REQUIRED ACTION.
Without including any images, repeat the data exactly.

DATA SECTION.
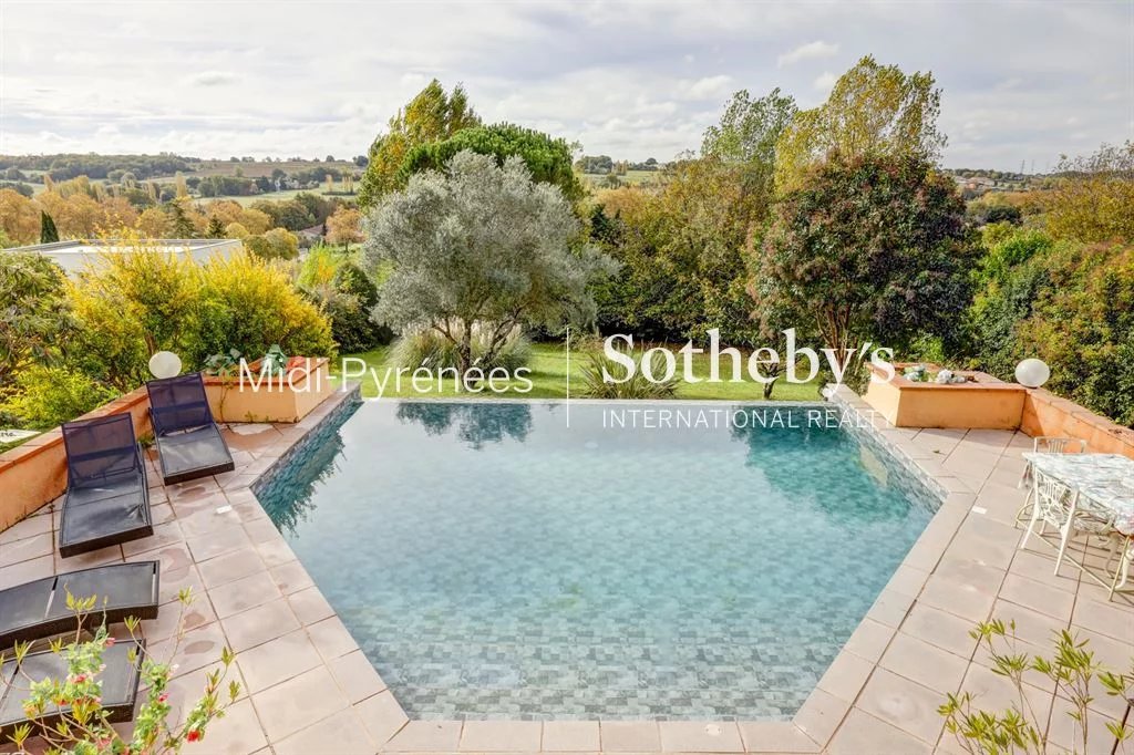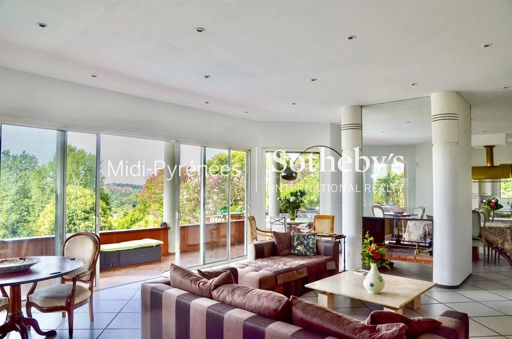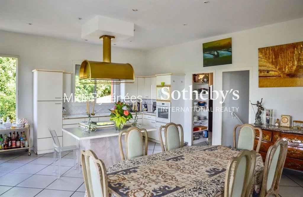 749 000 €À vendre : Propriété dexception à Beaupuy, à seulement 20 minutes de Toulouse - Détails de la propriété : -Maison principale : 215 m² - Studio indépendant : 25 m - Appartement T3 indépendant : 68 m² - Deux grands garages : 96 m² et 66 m² - Offrez-vous un véritable havre de paix avec cette propriété, idéalement située sur une parcelle joliment arborée de plus de 3000 m². Nichée dans un cadre paisible, sans vis-à-vis, cette spacieuse maison darchitecte atypique surplombe le jardin et la piscine tout en offrant une vue remarquable sur la campagne environnante vous invitant à la sérénité. Baignée de lumière grâce à de larges baies vitrées et une exposition plein sud, elle offre des espaces de vie aux volumes généreux. Le séjour de 72m2 et la suite parentale souvrent sur la grande terrasse constituant un véritable espace de vie extérieur. Vous disposerez de trois chambres supplémentaires (dont deux avec salle deau privative), dune lingerie et dune arrière cuisine. Le studio et lappartement T3, entièrement rénovés et indépendants offrent de nombreuses possibilités: Accueillir confortablement votre famille et vos amis, les louer tout en préservant votre intimité... Bien atypique et rare sur le secteur, à découvrir sans tarder ! Merci de contacter : Midi-Pyrénées Sothebys International Realty au 05 34 67 92 46 Ref : AS3-5829
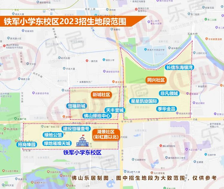 根据2023年禅城公办招生地段划分方案,铁军东校区对口新城社区、同兴社区和湖景社区(彩虹以北)。
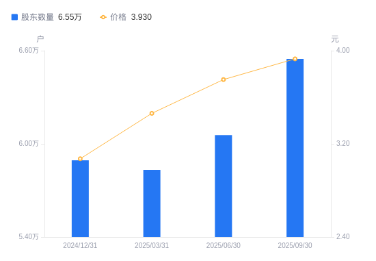 近一年(2024年9月30日至2025年9月30日),尚荣医疗A股股东户数从6.3万户,增加至6.55万户,增幅3.96%,区间股价上涨39.26%。
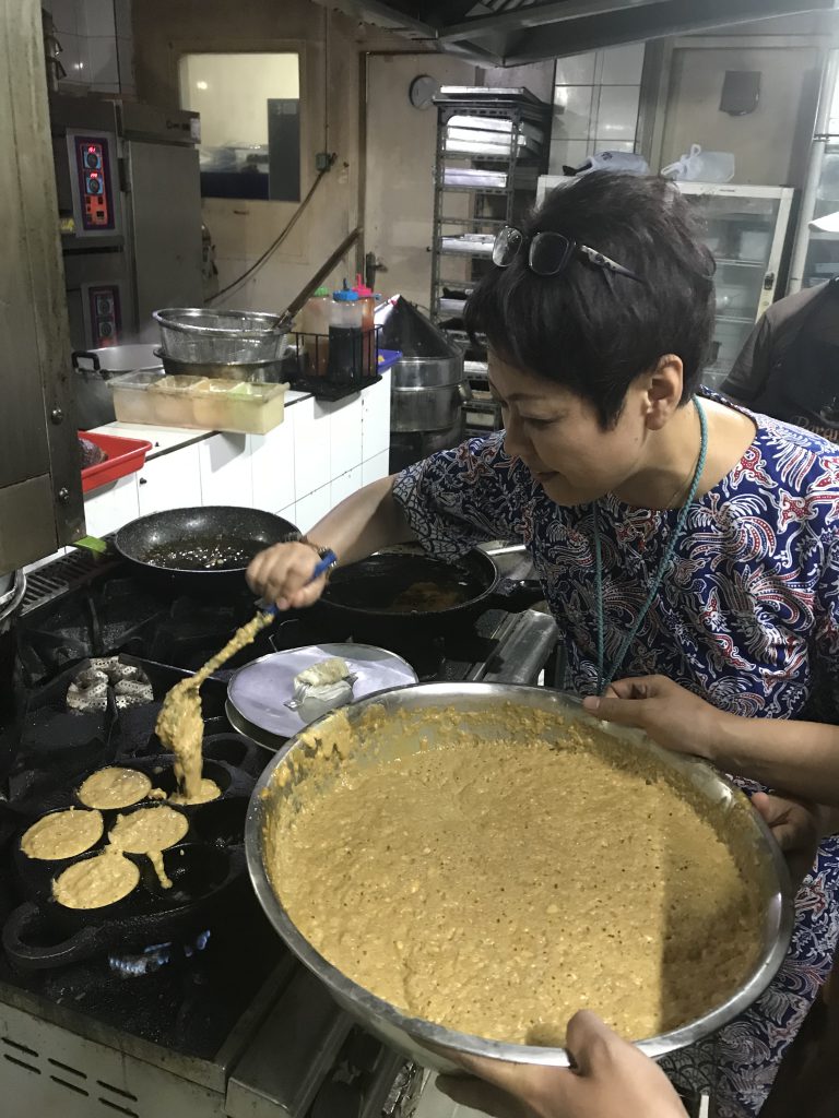 朝、通りを歩いていたら、ホッパーの屋台に出会いました。 米粉の生地に、パンダンリーフの香りと色付けで、一枚一枚丁寧に焼いています。 薄皮のところはパリパリのお煎餅で、真ん中はしっとりタイプ。一枚で食感のグラデーション
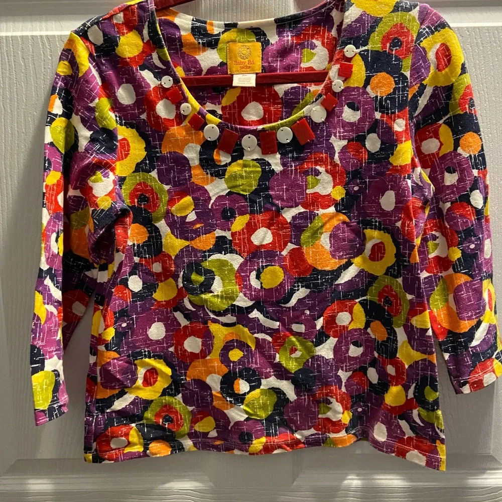Vibrant top with abstract patterns. Features bold colors for a striking look.
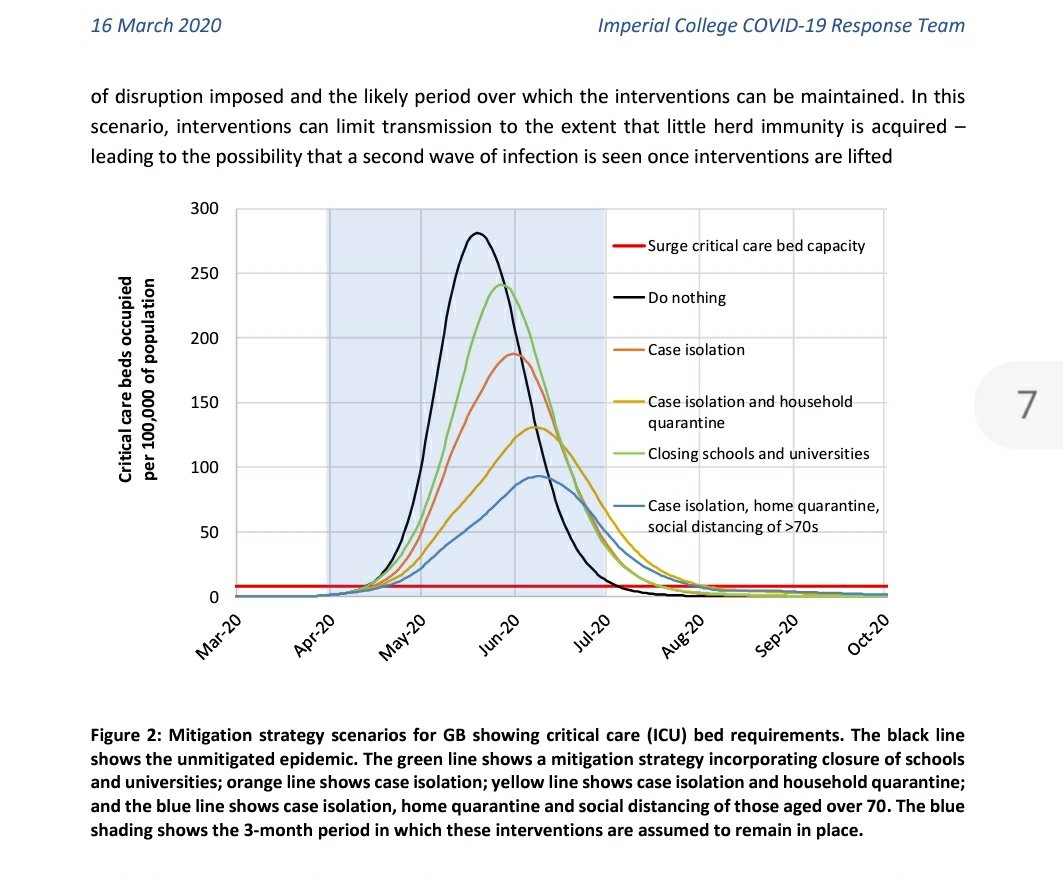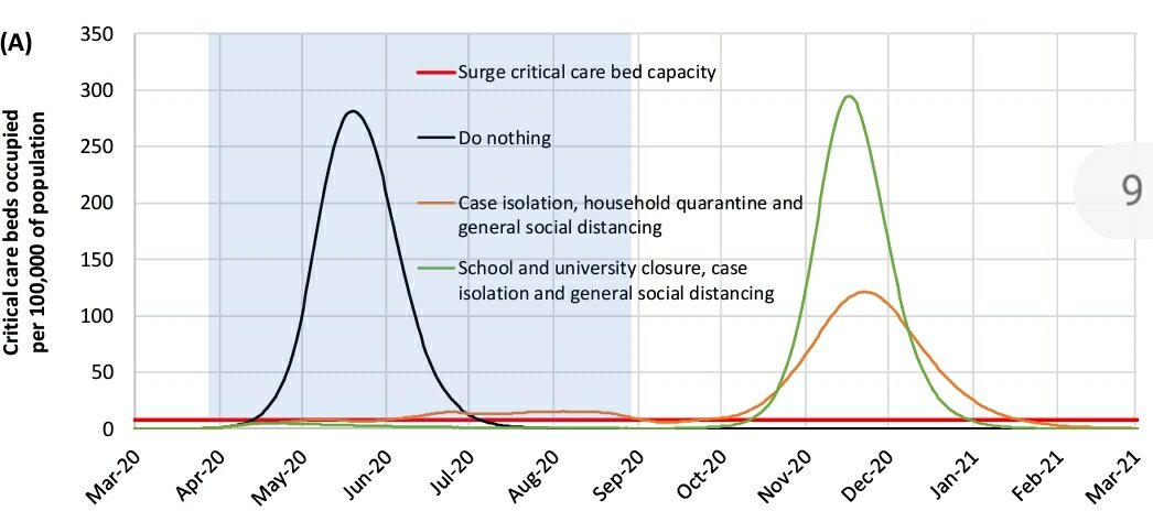 Según el modelo de estos investigadores, esa estrategia no lograría resolver el problema. Sin el alejamiento social de toda la población, el modelo predice que, incluso la mejor estrategia de mitigación, que significa aislamiento o cuarentena de los enfermos, de los ancianos y de los que han estado expuestos, además del cierre de escuelas, aún provocaría un aumento de las personas gravemente enfermas ocho veces mayor de lo que podría soportar el sistema de EE. UU. o de Reino Unido. (Esa es la curva azul más baja en el gráfico a continuación; la línea roja plana es el número actual de camas en UCI.) Incluso si las fábricas empezaran a producir más camas y respiradores y todas las demás instalaciones y suministros, aún harían falta muchos más médicos y enfermeras para atenderlos a todos y ofrecen este gráfico para visualizar las previsiones de su modelo:
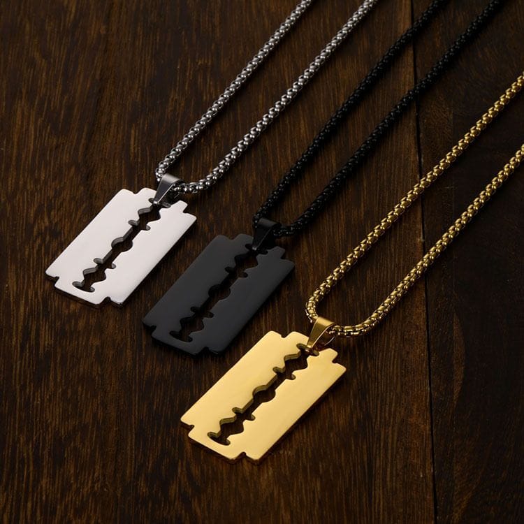 Stainless Steel Men’s Necklaces with Razor Blade Pendant
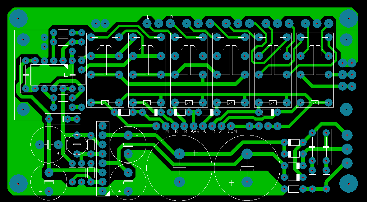 Есть два источника стерео (две звуковые карты в компьютере) и две пары АС (первые активные студийные мониторы, вторые: мощник+напольники). Требуется возможность выбирать источник и пару АС на которую послать сигнал. На выход что на мощник желателен регулятор громкости.
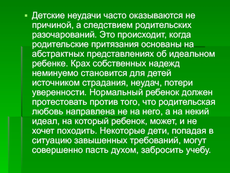 Слайд 30Детские неудачи часто оказываются не причиной, а следствием родительских разочарований.

FINISHED EXERCISE.
 749 000 €À vendre : Propriété dexception à Beaupuy, à seulement 20 minutes de Toulouse - Détails de la propriété : -Maison principale : 215 m² - Studio indépendant : 25 m - Appartement T3 indépendant : 68 m² - Deux grands garages : 96 m² et 66 m² - Offrez-vous un véritable havre de paix avec cette propriété, idéalement située sur une parcelle joliment arborée de plus de 3000 m². Nichée dans un cadre paisible, sans vis-à-vis, cette spacieuse maison darchitecte atypique surplombe le jardin et la piscine tout en offrant une vue remarquable sur la campagne environnante vous invitant à la sérénité. Baignée de lumière grâce à de larges baies vitrées et une exposition plein sud, elle offre des espaces de vie aux volumes généreux. Le séjour de 72m2 et la suite parentale souvrent sur la grande terrasse constituant un véritable espace de vie extérieur. Vous disposerez de trois chambres supplémentaires (dont deux avec salle deau privative), dune lingerie et dune arrière cuisine. Le studio et lappartement T3, entièrement rénovés et indépendants offrent de nombreuses possibilités: Accueillir confortablement votre famille et vos amis, les louer tout en préservant votre intimité... Bien atypique et rare sur le secteur, à découvrir sans tarder ! Merci de contacter : Midi-Pyrénées Sothebys International Realty au 05 34 67 92 46 Ref : AS3-5829
 根据2023年禅城公办招生地段划分方案,铁军东校区对口新城社区、同兴社区和湖景社区(彩虹以北)。
 近一年(2024年9月30日至2025年9月30日),尚荣医疗A股股东户数从6.3万户,增加至6.55万户,增幅3.96%,区间股价上涨39.26%。
 朝、通りを歩いていたら、ホッパーの屋台に出会いました。 米粉の生地に、パンダンリーフの香りと色付けで、一枚一枚丁寧に焼いています。 薄皮のところはパリパリのお煎餅で、真ん中はしっとりタイプ。一枚で食感のグラデーション
Vibrant top with abstract patterns. Features bold colors for a striking look.
 Según el modelo de estos investigadores, esa estrategia no lograría resolver el problema. Sin el alejamiento social de toda la población, el modelo predice que, incluso la mejor estrategia de mitigación, que significa aislamiento o cuarentena de los enfermos, de los ancianos y de los que han estado expuestos, además del cierre de escuelas, aún provocaría un aumento de las personas gravemente enfermas ocho veces mayor de lo que podría soportar el sistema de EE. UU. o de Reino Unido. (Esa es la curva azul más baja en el gráfico a continuación; la línea roja plana es el número actual de camas en UCI.) Incluso si las fábricas empezaran a producir más camas y respiradores y todas las demás instalaciones y suministros, aún harían falta muchos más médicos y enfermeras para atenderlos a todos y ofrecen este gráfico para visualizar las previsiones de su modelo:
 Stainless Steel Men’s Necklaces with Razor Blade Pendant
 Есть два источника стерео (две звуковые карты в компьютере) и две пары АС (первые активные студийные мониторы, вторые: мощник+напольники). Требуется возможность выбирать источник и пару АС на которую послать сигнал. На выход что на мощник желателен регулятор громкости.
 Слайд 30Детские неудачи часто оказываются не причиной, а следствием родительских разочарований.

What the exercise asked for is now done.